A DataWorks workspace is created. For more information, see Create a workspace.

Usage notes

The following table describes key topics for developing tasks.

Category	Description
Billing	When you develop MaxCompute tasks in DataWorks, fees are incurred for both DataWorks and other related services.
Environment preparation	Before you develop MaxCompute tasks in DataWorks, you must purchase the required DataWorks edition and resource groups for your business needs and associate the MaxCompute data source.
Permission management	DataWorks provides product-level and module-level permission management, and supports visual permission requests and approvals for MaxCompute data sources.
Get started: Data Integration	Data Integration in DataWorks allows you to read data from and write data to MaxCompute. It supports various data synchronization scenarios, including batch synchronization, real-time synchronization, and full and incremental synchronization.
Get started: Data development and O&M	DataWorks provides the Data Modeling service to structure and manage large amounts of complex, disorganized data. It also provides the DataStudio feature to develop scheduling tasks. DataStudio works with Operation Center to monitor and maintain these tasks.
Get started: Data governance	DataWorks provides metadata management and data governance capabilities for MaxCompute.
Get started: Data analysis and services	DataAnalysis in DataWorks provides data analysis and service sharing capabilities for MaxCompute.
Get started: Open Platform	DataWorks provides open capabilities that let you quickly integrate various application systems. This facilitates development process control, data governance, and O&M, and helps you quickly respond to business status changes from integrated systems.

Billing

DataWorks DataStudio and Operation Center let you periodically schedule MaxCompute data synchronization and data processing tasks. Using these features incurs fees for DataWorks and other related services, as described in the following sections.

1. DataWorks charges

These charges appear on your DataWorks bill. For more information about DataWorks billing, see Billable items of DataWorks.

Charge	Description
DataWorks edition fee	Before you can develop tasks, you must activate DataWorks. If you activate DataWorks Standard Edition, Professional Edition, or Enterprise Edition, you must pay the fee for the selected edition.
Scheduling resource fee	After you develop a task, it requires scheduling resources to run on a schedule. You can use a serverless resource group (recommended) or an old-version exclusive resource group and pay the corresponding fees. Note A serverless resource group can be used for both task scheduling and data synchronization.
Synchronization resource fee	When you run data synchronization tasks, you need data synchronization resources in addition to scheduling resources. You can use a serverless resource group (recommended) or an old-version exclusive resource group for data integration and pay the corresponding fees.

Note

No scheduling fees are charged for tasks that are run using the Run or Run with Parameters feature on the DataStudio page.
No scheduling fees are charged for tasks that fail to run or are run as dry runs.
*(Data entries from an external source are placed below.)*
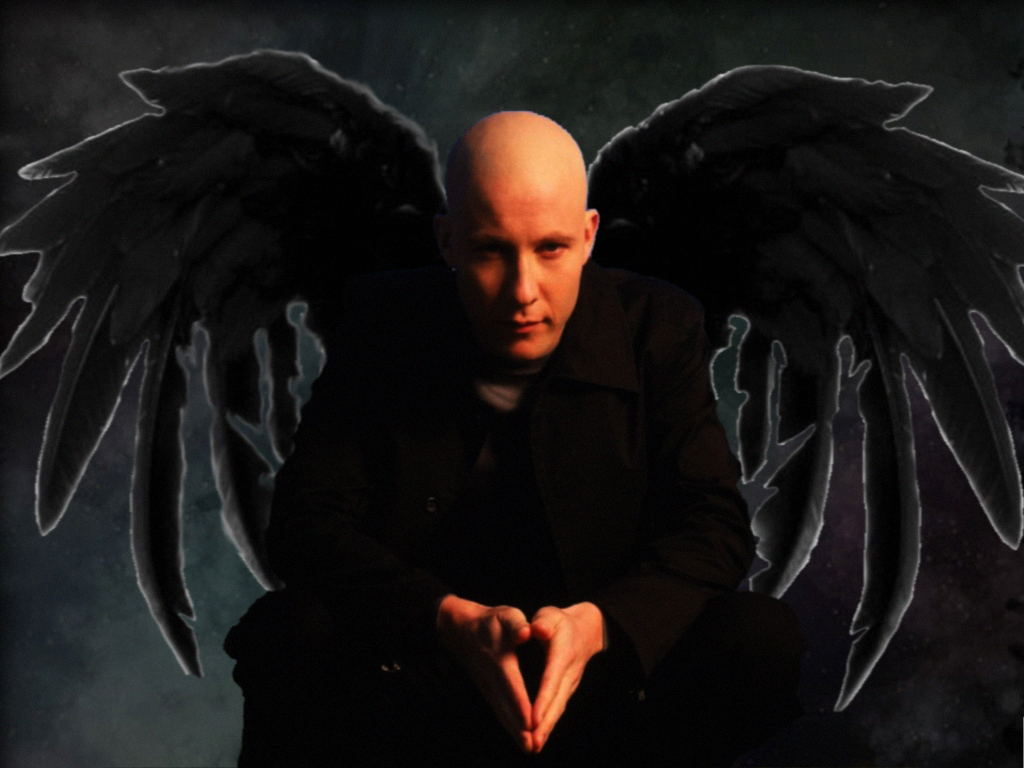 Description: A bald man with black wings sitting down with his hands in the air and his hands folded out in front of him.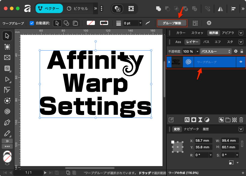 作成された変形は、元のテキスト変形がグループになっているので、コンテキストツールバーにある「グループ解除」をクリックすると変形が解除される。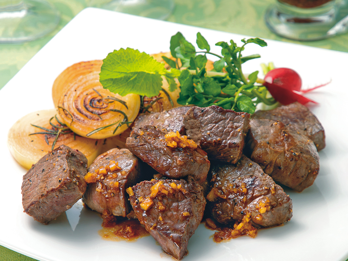 フライパンに油を入れて中火で熱し、肉を1切れ入れてジュッと音がしたらすべての肉を入れ中弱火にして1分ほど焼き、上下を返して2分焼いて焼き色をつける。断面が焼けていない場合は、フライパンを前後に揺すって転がしながら焼く。アルミホイルに取り出し、口を閉じて5〜6分休ませる。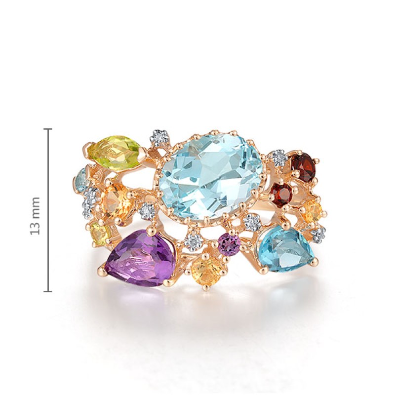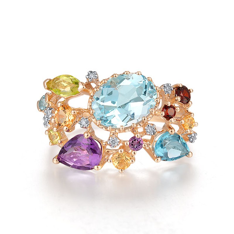 14KRW Ring Amethyst,Blue Topaz (Sky Blue),Blue Topaz (Swiss Blue),Diamond,Garnet,Peridot,Yellow Sapphire (R304414MUL114KRW)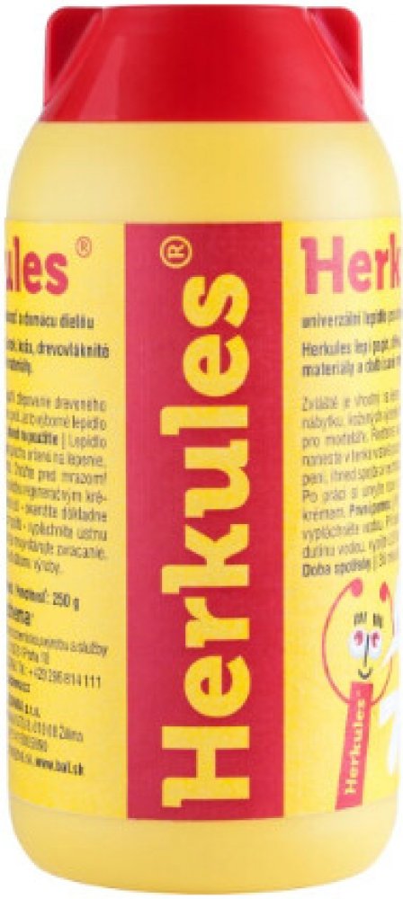 Univerzální disperzní lepidlo pro domácnost, školy, kancelář a domácí dílnu. Herkules lepí papír, dřevo, korek, kůži, dřevovláknité materiály a další savé materiály. Zvláště je vhodný na lepení fotografií, slepování dřevěného nábytku, kožených výstelek obuvi apod.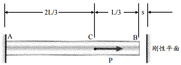 【已刪除】三、AB 桿件長度為 L,軸向剛度為 EA,A 端固定,B 端與剛性平面距離為 s,一軸向 負載 P 作用於離固定端 2L/3 的位置,如果由 P 所產生 A、B 端的反力相同,s 應該 有多大?(25 分)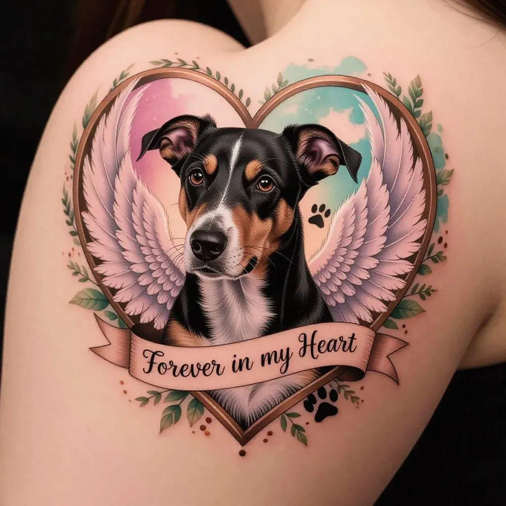 Memorial tattoo design featuring a realistic Italian Hound portrait in a heart-shaped frame with angel wings, paw prints, and "Forever in My Heart" banner. Soft pastel watercolor backdrop highlights loyalty, love, and serene remembrance. Intricate details capture the dog’s expression, flowing wings, and elegant text, celebrating companionship with a close-up, heartfelt perspective. Ideal for honoring cherished bonds.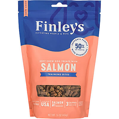 Pups of all life stages love the soft and chewy, bite-sized flavor in Finley's Salmon Soft Chew Training Bites. They are made with hormone and antibiotic-free proteins, and have 3 calories or less per treat.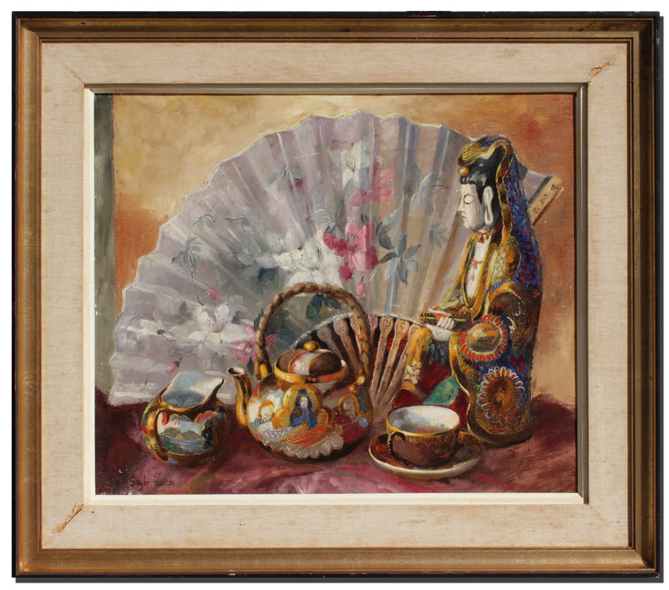 SUGER, Zsuzsanna, (Hungarian, 1939-): Asian Still Life, Oil on Canvas, 19 1/2'' x 23 1/2'', signed lower left, framed with minor wear, 24'' x 28''.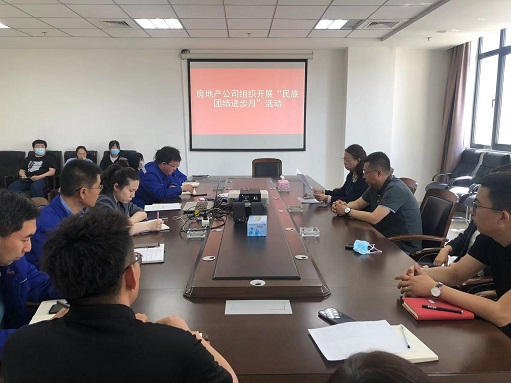 5月房地產公司黨支部多次召開黨員干部會議,集中學習傳達領會貫徹民族政策宣傳工作精神,擴大學習次數(shù)和范圍。通過網絡、微信、學習強國等平臺集中開展民族政策宣傳系列活動,并制作宣傳條幅和展板張貼在公司11樓大廳,增強民族團結氛圍。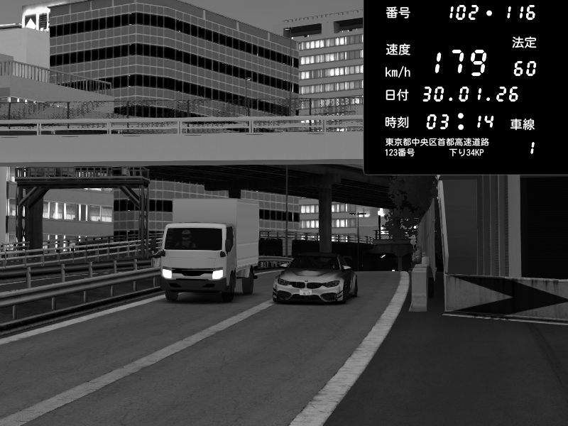 | 2026/01/30 04:11 | C1外回り 新富町 | 167 / 60 km/h | Ducky | BMW M4 crash.Sp Varis Widebody | CAPTURE |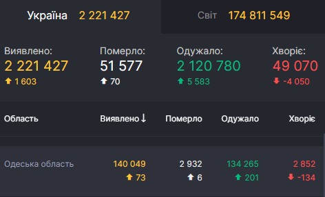 В Украине обнаружили 1 603 новых больных на COVID-19, в 70 случаях болезнь закончилась смертью. Сейчас продолжают болеть 49 070 человек.
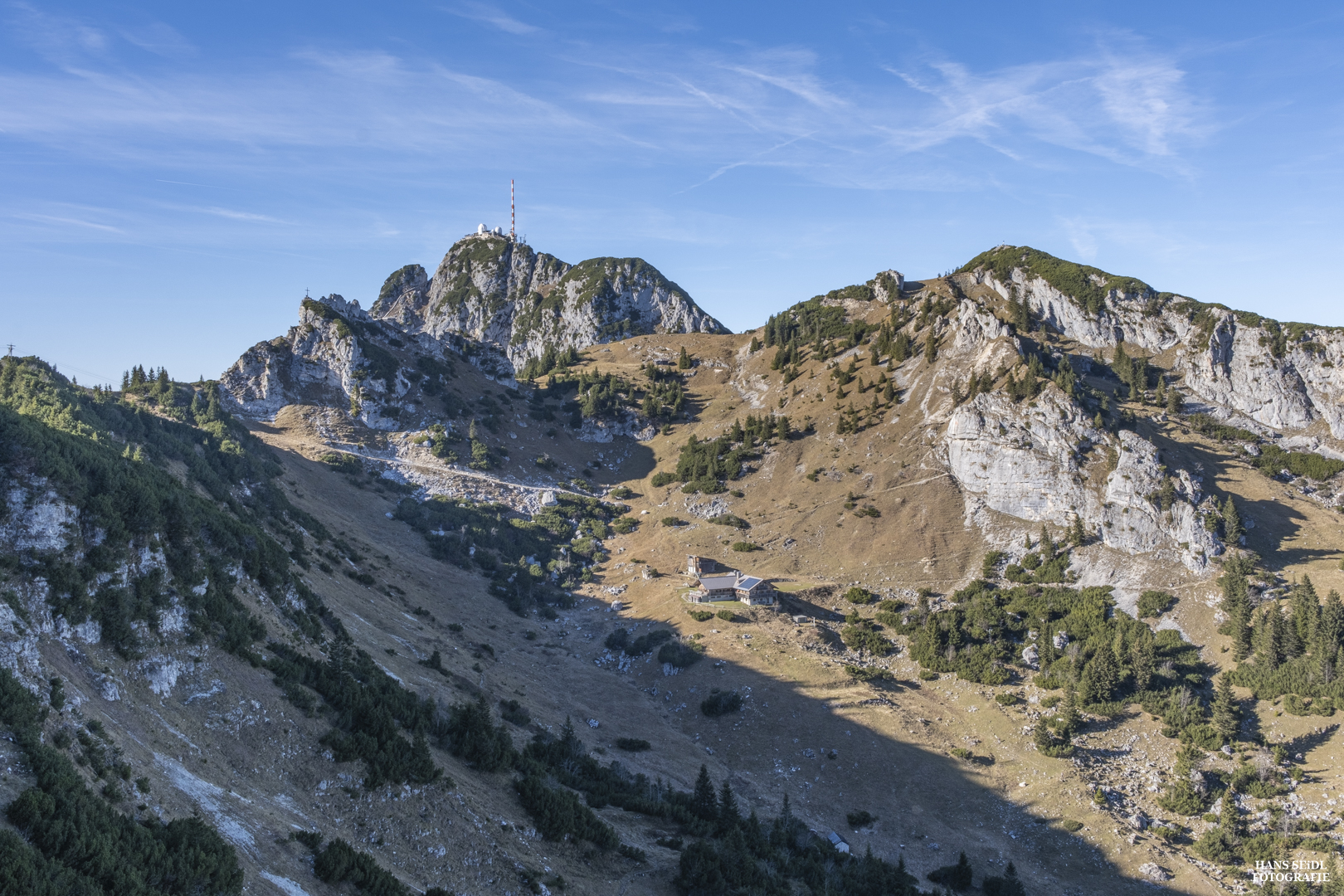 Wanderparkplaz Spatenau. Wir gehen an der Doaglalm rechts vorbei weiter Richtung Karkopf, folgen dem fast eben verlaufenen Ewaldweg. Bei einer (Jagd?)Hütte geht es steil hinauf, nicht markiert, seltener begangen, in die Einsattelung zwischen Feichteck und Karkopf. Über den felsigen Grat auf den Karkopf und hinüber zur Hochries mit Kreuz und Hütte. Jürgen trinkt einen Aperol Spritz. Wir bevorzugen die knieschonende Abfahrt zur Mittelstation. Mit Jürgen.

For information about how DataWorks dispatches scheduling tasks to help you better understand the billing details, see How DataWorks dispatches scheduling tasks.

2. Non-DataWorks-related fees

These charges do not appear on your DataWorks bill. You may incur the following charges when you develop and run tasks.

Important

The fees for other services are determined by the billing rules of those services. For more information, see the billing documentation for each service. For example, for information about MaxCompute billing, see Billable items of MaxCompute.

Fee	Description
Database fees	Database fees may be incurred when you read data from or write data to upstream and downstream databases during data synchronization.
Computing and storage fees	When you run a task on a compute engine, computing and storage fees may be incurred for the compute engine. For example, if you run a MaxCompute SQL task to create a table and write data to it, computing and storage fees may be incurred for MaxCompute.
Network service fees	Network service fees may be incurred when you establish network connections between DataWorks and other related services. For example, using services such as Express Connect, Internet Shared Bandwidth, or Elastic IP Address (EIP) to establish network connections incurs fees from the corresponding services.

Environment preparation

1. Resource preparation

DataWorks provides Standard, Professional, and Enterprise feature-rich editions, and also provides tenant-specific serverless resource groups. Select an edition and a resource group type that meets your business needs.

Category	Description	Related documentation
Edition selection	DataWorks Basic Edition can meet the basic requirements for data migration to the cloud, data development, scheduled production, and simple data governance in MaxCompute development. If you require professional data governance and data security solutions, you can select Standard, Professional, or Enterprise Edition.	Compare DataWorks editions and upgrade
Resource group selection	Serverless resource group (Recommended): A single resource group can be used by all features, such as Data Integration, task scheduling, and DataService Studio. You can plan and allocate resources based on your business requirements. Old-version resource groups (old-version exclusive resource groups and shared resource groups): Meet basic scheduling requirements. These resource groups will be discontinued in the future.	Overview of DataWorks resource groups

2. Development environment preparation

You must create a MaxCompute project as a data source of a DataWorks workspace and associate it with DataStudio before you can start development. You can also manage workspace members to collaborate on development.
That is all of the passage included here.